On Tue, 2005-09-27 at 15:48 -0400, Bagalkote, Sreenivas wrote:
> >1. you do clustering, so a reset request could be from a 
> >reservation breaking protocol
>
> I don't have clustering setup. So this is definitely not the reason.

You might not, but others do.  If you return success to a reset request
without doing anything then the device will stay reserved by the other
system.  i.e. you'll break clustering setups.

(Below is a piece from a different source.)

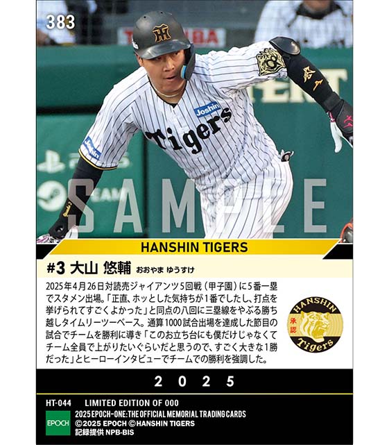 公式【大山悠輔】通算1000試合出場(25.4.26) のカードを買うならエポックワン!税込・送料無料!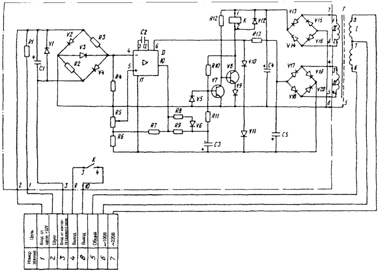 Питание устройства осуществляется от сети переменного тока напряжением 220 В через трансформатор Т, имеющий две вторичные обмотки. От обмотки II через выпрямитель на диодах V13 - V16 со сглаживающим конденсатором С4 питается цепь обмотки реле. От обмотки III через выпрямитель на диодах V17 - V20 со сглаживающим конденсатором С5 и стабилизатором на стабилитронах V10, V11 питается компаратор.

> >2. The fact that the eh activated indicates something went 
> >wrong.  If you take no corrective action and the test unit 
> >ready that follows the reset fails or times out then the 
> >device will be taken offline.
> >
> 
> Heavy IOs are going on in the FW while it is rebuilding RAID arrays.
> We expect some of the commands to timeout. But the key is recover
> gracefully. I see that FW is completing _all_ the commands albeit 
> after timing out. When the reset handler is called after all the
> commands are out of the door, I simply return success. Can this
> potentially cause any issues?

As long as the Test Unit Ready that follows the reset succeeds, then no,
this will work and it shouldn't cause any issues other than the
clustering one.

James